The exact mathematical formula Google uses for its squashing function has not been disclosed. However, the concept and its effects can be understood through its general properties and the behavioral patterns it produces in the ranking system.

A Simple Illustration

Consider two search results competing for the same query:

Result A receives 500 clicks per month, with a consistent pattern over 13 months.
Result B receives 50 clicks per month for 12 months, then 5,000 clicks in a single month.

Without squashing, Result B's total click count (50 x 12 + 5,000 = 5,600) would far exceed Result A's (500 x 13 = 6,500) in raw terms, and that one month's spike would represent a massive signal. With squashing, the 5,000-click spike is compressed — perhaps down to the equivalent impact of 500-800 clicks — and Result A's consistent pattern produces a comparatively stronger normalized signal because each month's 500 clicks is squashed but remains meaningful across all 13 months.

The precise compression ratio is unknown, but the principle is clear: consistency of signal matters more than peak magnitude.

Why Google Uses Squashing

Google has strong incentives to normalize click data rather than using it raw. The squashing function serves multiple purposes that are critical to the integrity of the ranking system.

1. Preventing Click Manipulation

The most frequently cited reason for squashing is manipulation prevention. If raw click volume directly correlated with ranking influence, any actor with sufficient resources could boost rankings by generating artificial clicks — through bots, click farms, or other means. The squashing function breaks this linear relationship. Doubling the number of clicks does not double the ranking signal. This means that the cost of manipulation scales non-linearly: each additional artificial click produces less marginal benefit than the last.

This economic deterrent is fundamental. Even if Google's active click manipulation detection systems fail to flag a particular campaign, the squashing function ensures that the campaign's impact is inherently limited.
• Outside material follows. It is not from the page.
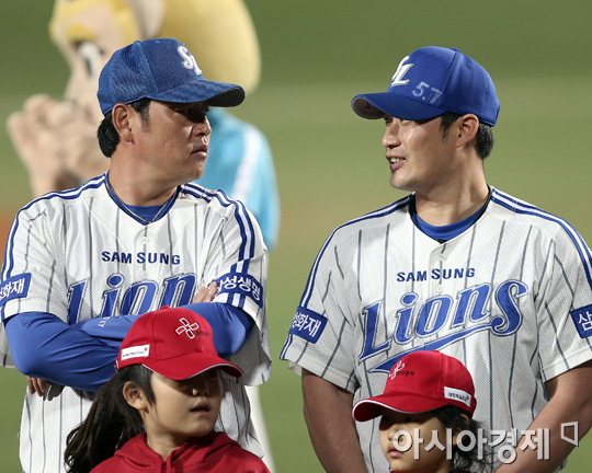 [대구=아시아경제 정재훈 기자] 24일 오후 대구시민야구장에서 열린 '2013 한국야쿠르트 세븐 프로야구' 삼성 라이온즈와 두산 베어스의 한국 시리즈 1차전. 삼성 진갑용과 오승환이 대화를 나누고 있다.정재훈 기자 roze@asiae.co.kr<ⓒ세계를 보는 창 경제를 보는 눈, 아시아경제(www.asiae.co.kr) 무단전재 배포금지>

2. Normalizing Across Query Volumes

Google processes queries across an enormous range of search volumes. A head term like "weather" might receive millions of searches per day, while a long-tail query like "best budget turntable for jazz vinyl under $300" might receive a few hundred per month. Without normalization, head-term results would always have overwhelmingly stronger click signals than long-tail results, even when the long-tail results are equally or more satisfying to their respective audiences.

The squashing function levels this playing field. By compressing the absolute magnitude of click signals, it ensures that what matters is the pattern of clicks (the ratio of good to bad, the consistency over time) rather than the raw volume. This allows NavBoost to function meaningfully across the full spectrum of query popularity.

3. Reducing Noise and Volatility

Real-world click patterns are inherently noisy. A trending news event can temporarily spike clicks to certain results. A viral social media post might drive thousands of people to search for something they would not normally search for, generating atypical click behavior. Seasonal patterns create regular fluctuations.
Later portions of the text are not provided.